### [WHAT THE TASK REQUIRES]
The listing below holds a line with "A group of men" and a later line with "Lungo il percorso". Write out those two lines and every line between them, exactly, and nothing else.
[RECORD EXCERPTS]
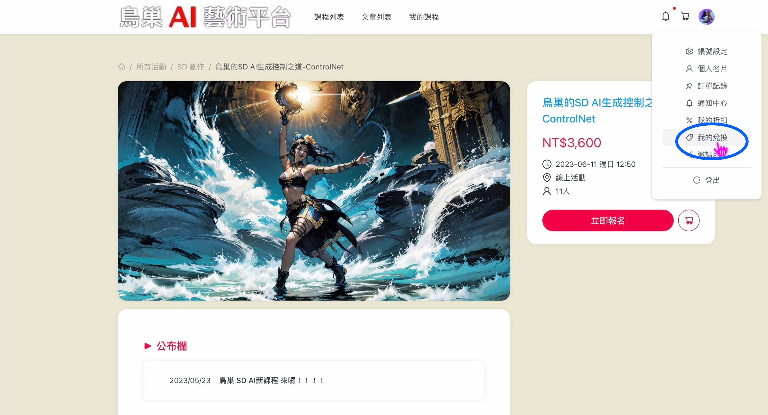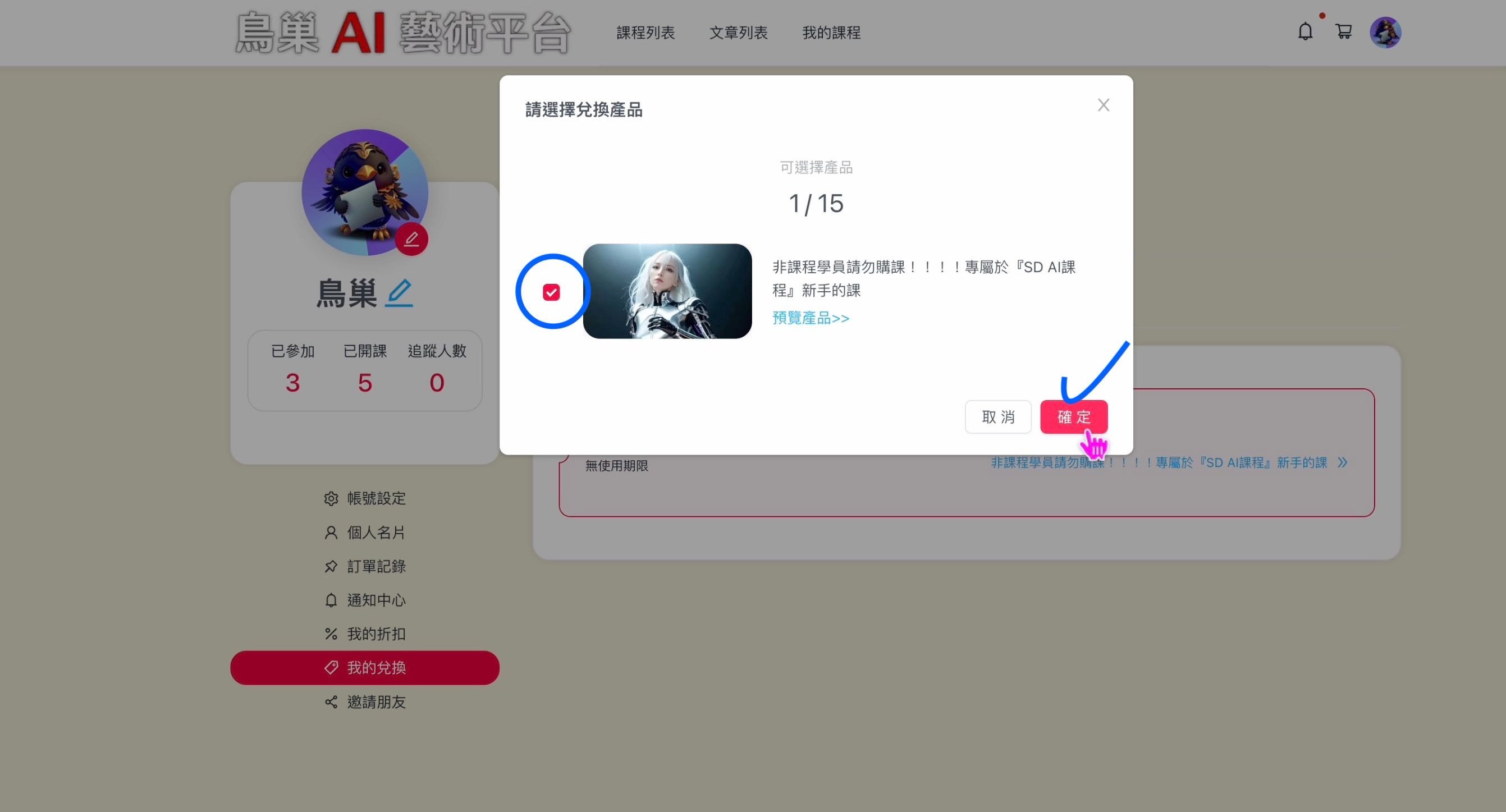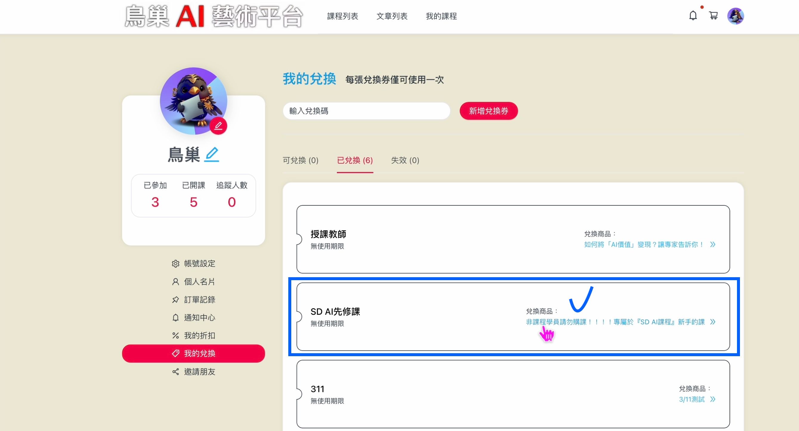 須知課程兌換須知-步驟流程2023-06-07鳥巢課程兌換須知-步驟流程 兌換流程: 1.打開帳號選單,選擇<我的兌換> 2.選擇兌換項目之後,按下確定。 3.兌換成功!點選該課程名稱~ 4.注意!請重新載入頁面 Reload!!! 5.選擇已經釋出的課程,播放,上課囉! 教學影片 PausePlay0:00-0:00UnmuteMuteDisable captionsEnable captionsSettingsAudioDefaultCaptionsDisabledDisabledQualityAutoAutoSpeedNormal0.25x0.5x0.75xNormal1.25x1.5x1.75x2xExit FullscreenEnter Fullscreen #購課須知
[/RECORD EXCERPTS]
[RECORD EXCERPTS]
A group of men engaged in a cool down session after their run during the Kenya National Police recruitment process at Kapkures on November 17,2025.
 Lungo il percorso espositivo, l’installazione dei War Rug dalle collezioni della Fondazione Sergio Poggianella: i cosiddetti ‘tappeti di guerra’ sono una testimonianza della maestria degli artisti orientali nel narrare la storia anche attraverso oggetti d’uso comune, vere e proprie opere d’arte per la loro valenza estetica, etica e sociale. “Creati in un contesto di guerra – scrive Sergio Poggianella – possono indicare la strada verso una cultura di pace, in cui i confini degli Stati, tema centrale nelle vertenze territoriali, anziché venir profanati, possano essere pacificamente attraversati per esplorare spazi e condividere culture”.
[/RECORD EXCERPTS]
### [RESULT]
A group of men engaged in a cool down session after their run during the Kenya National Police recruitment process at Kapkures on November 17,2025.
 Lungo il percorso espositivo, l’installazione dei War Rug dalle collezioni della Fondazione Sergio Poggianella: i cosiddetti ‘tappeti di guerra’ sono una testimonianza della maestria degli artisti orientali nel narrare la storia anche attraverso oggetti d’uso comune, vere e proprie opere d’arte per la loro valenza estetica, etica e sociale. “Creati in un contesto di guerra – scrive Sergio Poggianella – possono indicare la strada verso una cultura di pace, in cui i confini degli Stati, tema centrale nelle vertenze territoriali, anziché venir profanati, possano essere pacificamente attraversati per esplorare spazi e condividere culture”.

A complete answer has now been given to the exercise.